A brief history of the solar diameter measurements: a critical quality assessment of the existing data

TL;DR

This paper reviews the historical and modern methods of measuring the solar diameter, critically assesses existing data quality, and discusses the implications of wavelength dependence and subsurface dynamics on solar measurements.

Contribution

It provides a comprehensive critical assessment of historical and current solar diameter data, highlighting the importance of wavelength and subsurface features for accurate measurements.

Findings

Historical measurements evolved from geometric to space-based methods.

Wavelength significantly influences the measured solar diameter.

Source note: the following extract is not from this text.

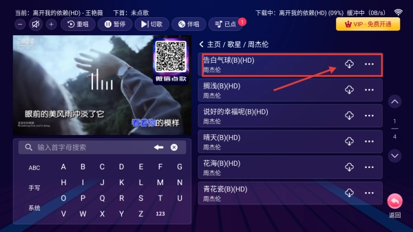 在周杰伦的歌曲列表中,找到并点击《告白气球》BHD版本的歌曲,以便进行演唱或播放操作。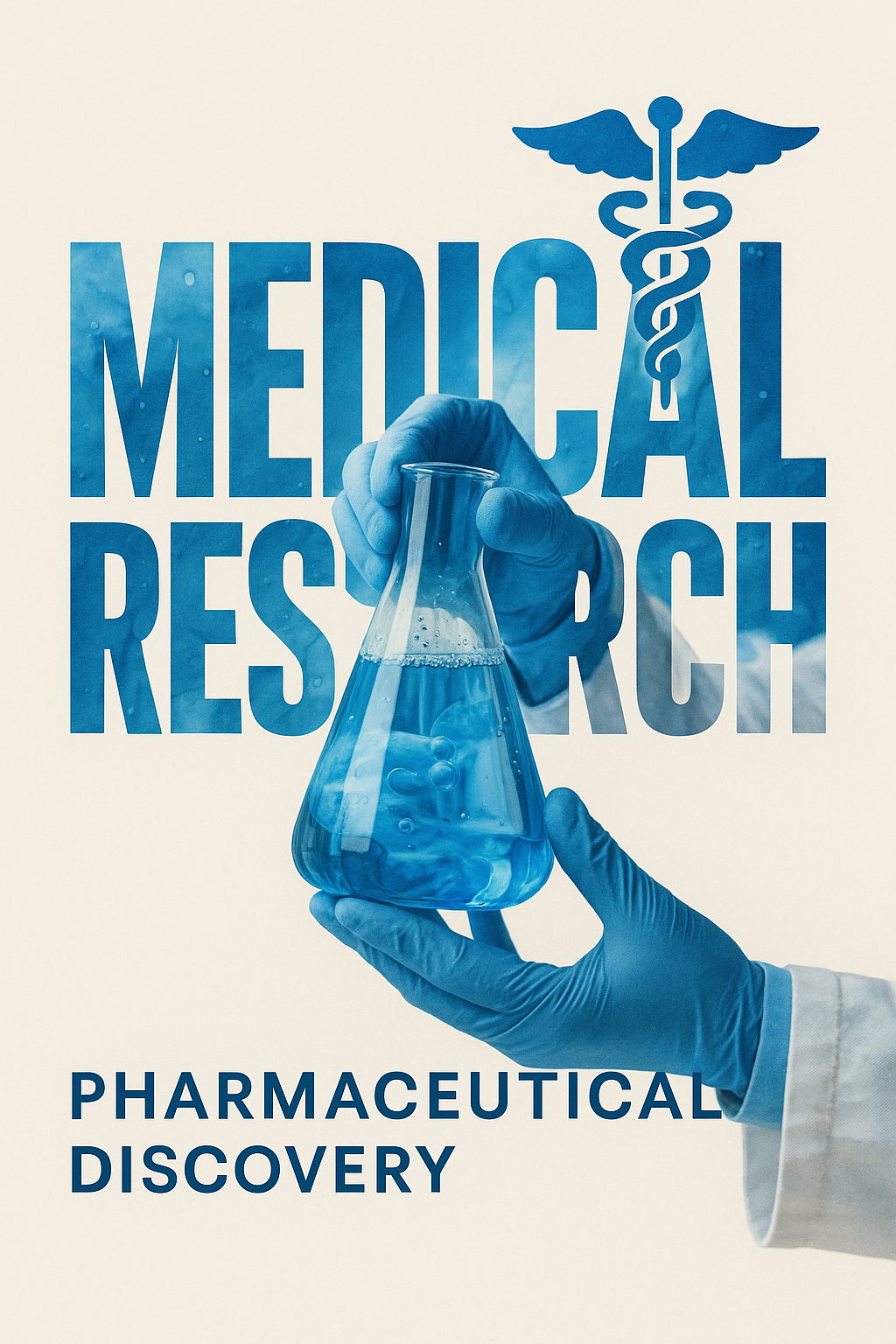 Medical Research Promotional Graphic Featuring Laboratory Equipment

Recent studies link solar diameter variations to subsurface dynamics.

Abstract

The size of the diameter of the Sun has been debated for a very long time. First tackled by the Greek astronomers from a geometric point of view, an estimate, although incorrect, has been determined, not truly called into question for several centuries. The French school of astronomy, under the impetus of Mouton and Picard in the XVIIth century can be considered as a pioneer in this issue. It was followed by the German school at the end of the XIXth century whose works led to a canonical value established at 959".63 (second of arc). A number of ground-based observations has been made in the second half of the XIXth century leading to controversial results mainly due to the difficulty to disentangle between the solar and atmospheric effects. Dedicated space measurements yield to a very faint dependence of the solar diameter with time. New studies over the entire radiation spectrum lead to a clear relationship between the solar diameter and the wavelength, reflecting the height at which the lines are formed. Thus the absolute value of the solar diameter, which is a reference for many astrophysical applications, must be stated according to the wavelength. Furthermore, notable features of the Near Sub-Surface Layer (NSSL), called the leptocline, can be established in relation to the solar limb variations, mainly through the shape asphericities coefficients. The exact relationship has not been established yet, but recent studies encourage further in-depth investigations of the solar subsurface dynamics, both observationally and by numerical MHD simulations.